**Activity**
In the answer, transcribe exactly the lines from the beginning of the material through the line holding "Vero Wisnu (Djarum", and skip every picture.

**Given information**

|---|

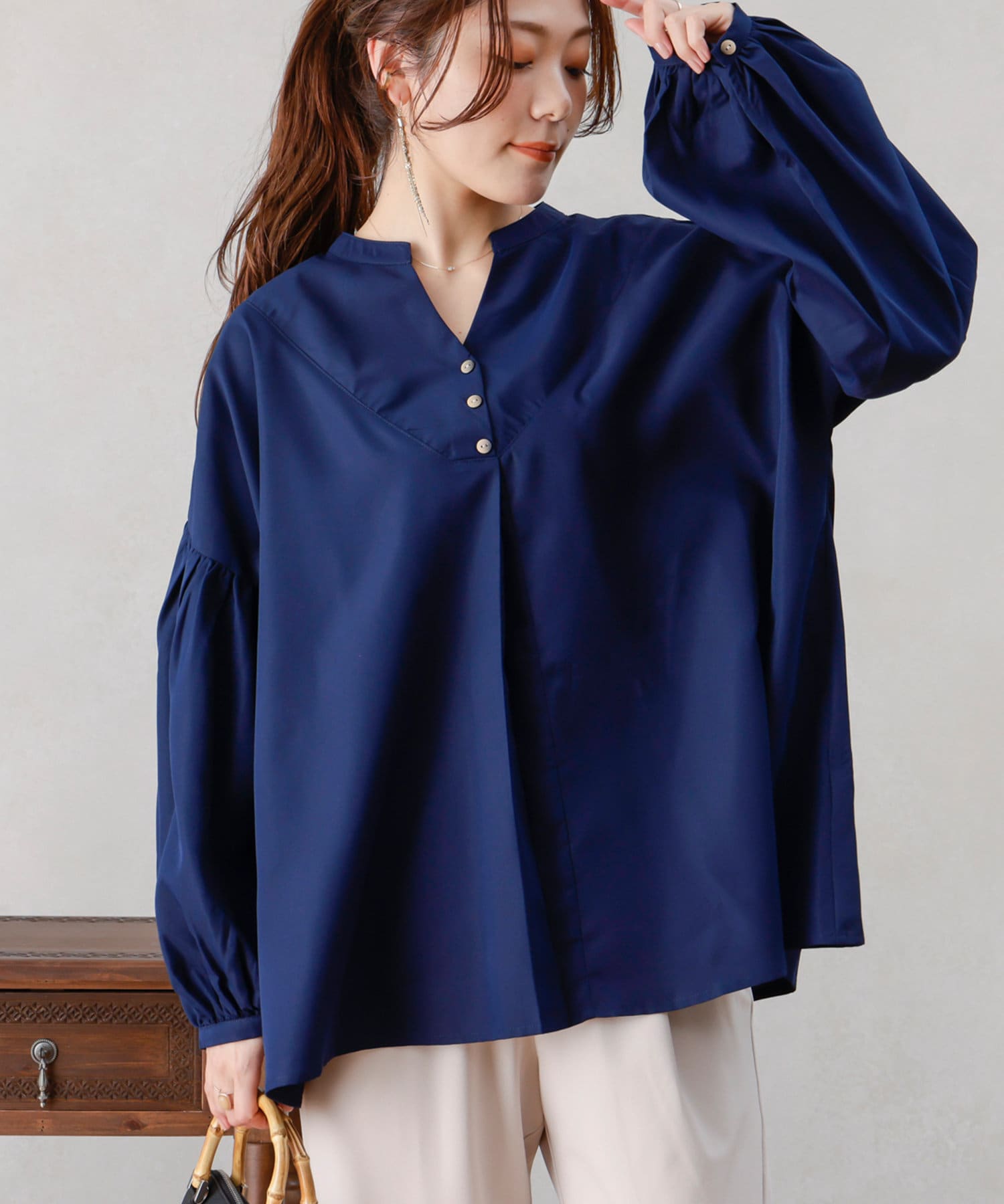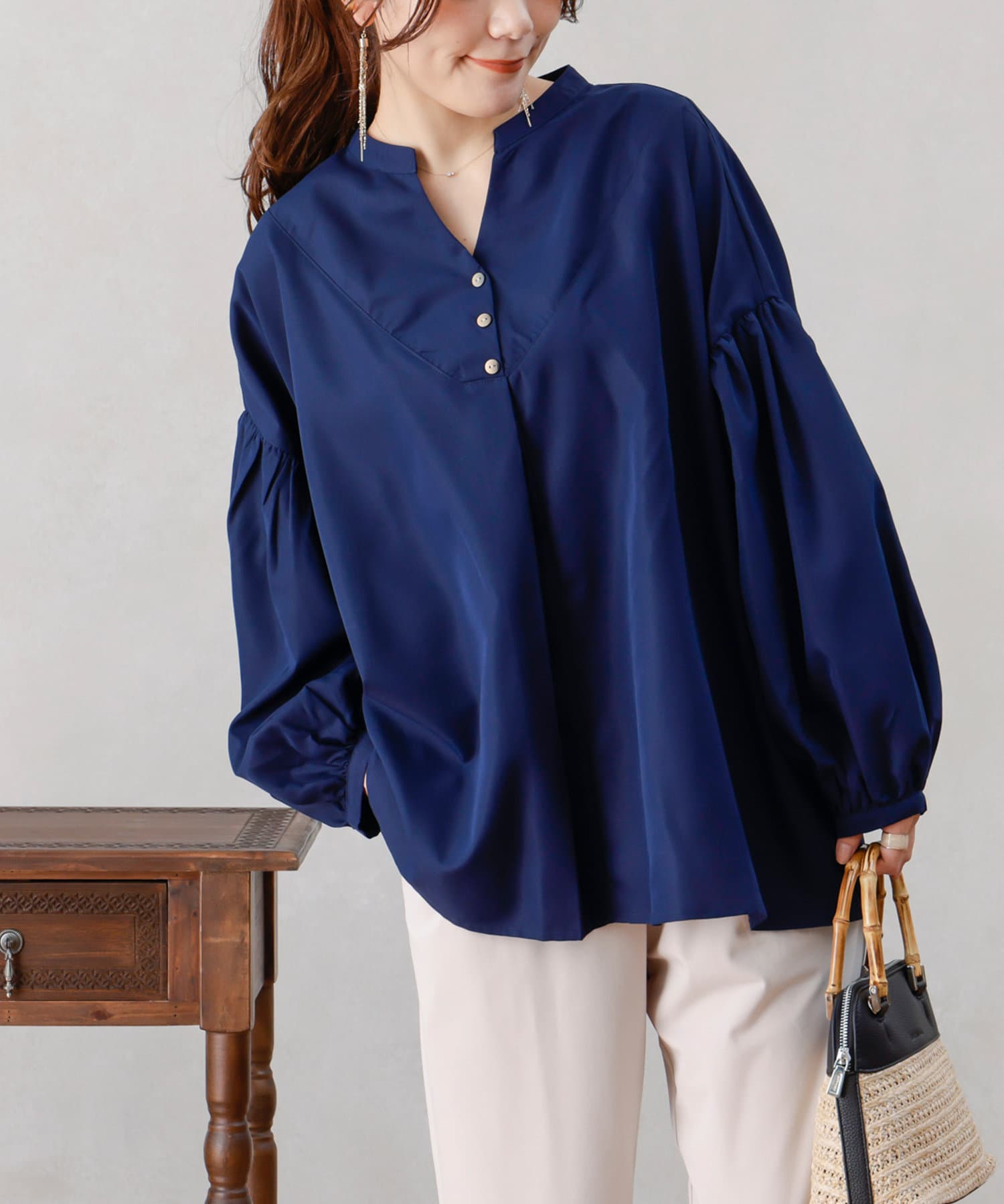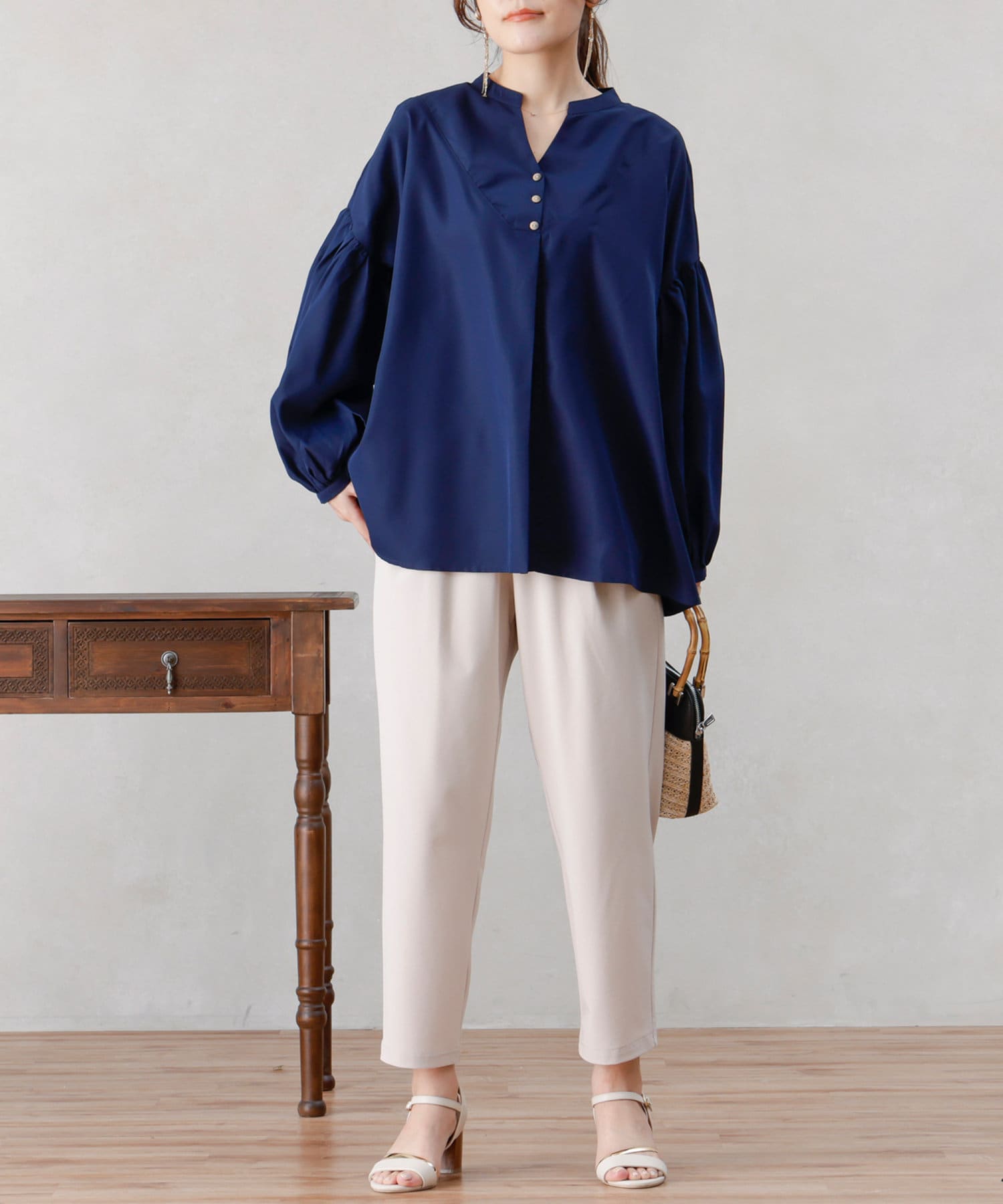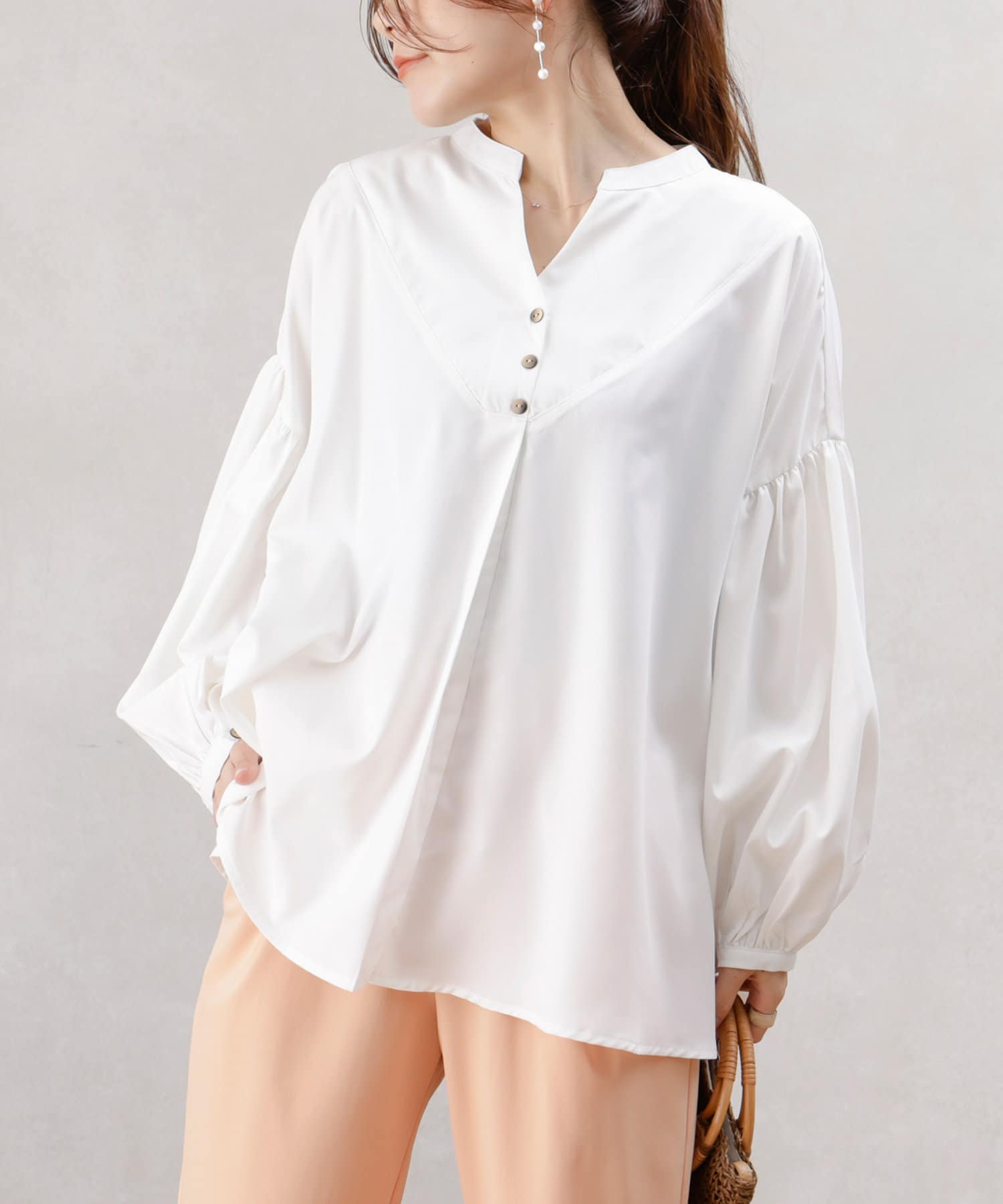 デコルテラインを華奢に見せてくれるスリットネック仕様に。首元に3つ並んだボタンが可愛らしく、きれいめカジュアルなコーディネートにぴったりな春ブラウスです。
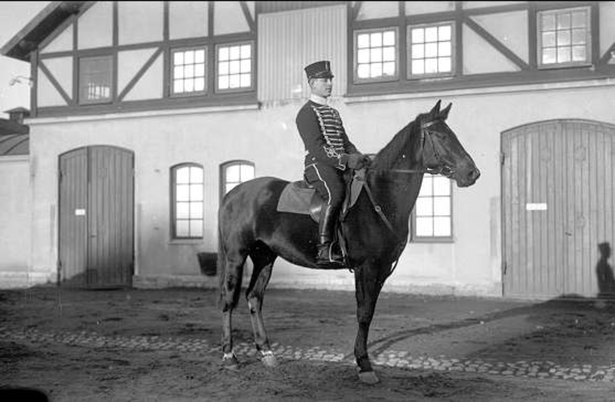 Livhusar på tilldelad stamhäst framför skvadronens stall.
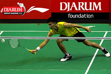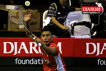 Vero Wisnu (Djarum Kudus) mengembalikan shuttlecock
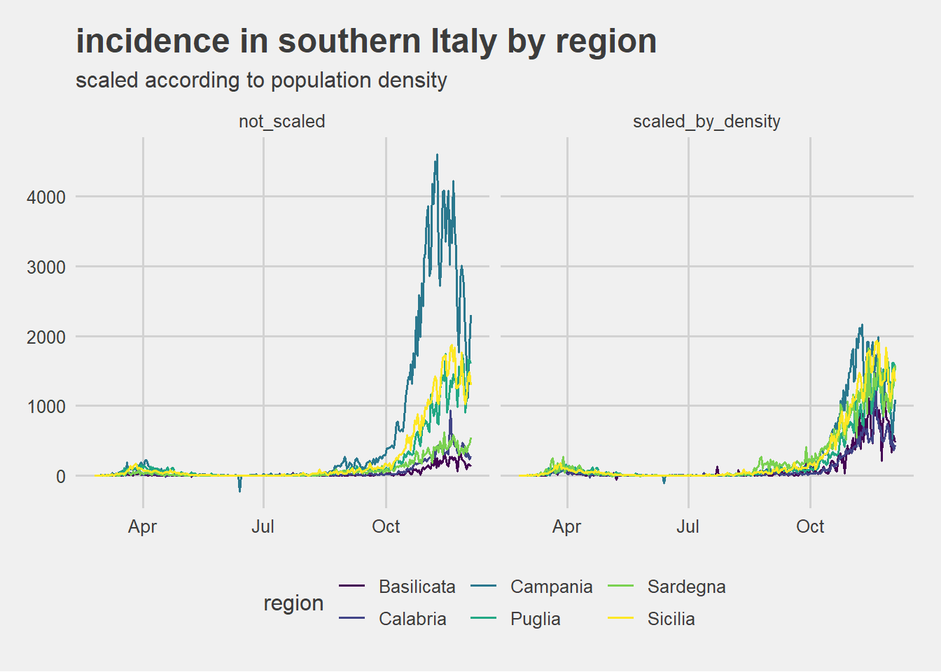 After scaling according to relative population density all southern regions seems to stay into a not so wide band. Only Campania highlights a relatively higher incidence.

|---|

**Problem solution**
 デコルテラインを華奢に見せてくれるスリットネック仕様に。首元に3つ並んだボタンが可愛らしく、きれいめカジュアルなコーディネートにぴったりな春ブラウスです。
 Livhusar på tilldelad stamhäst framför skvadronens stall.
 Vero Wisnu (Djarum Kudus) mengembalikan shuttlecock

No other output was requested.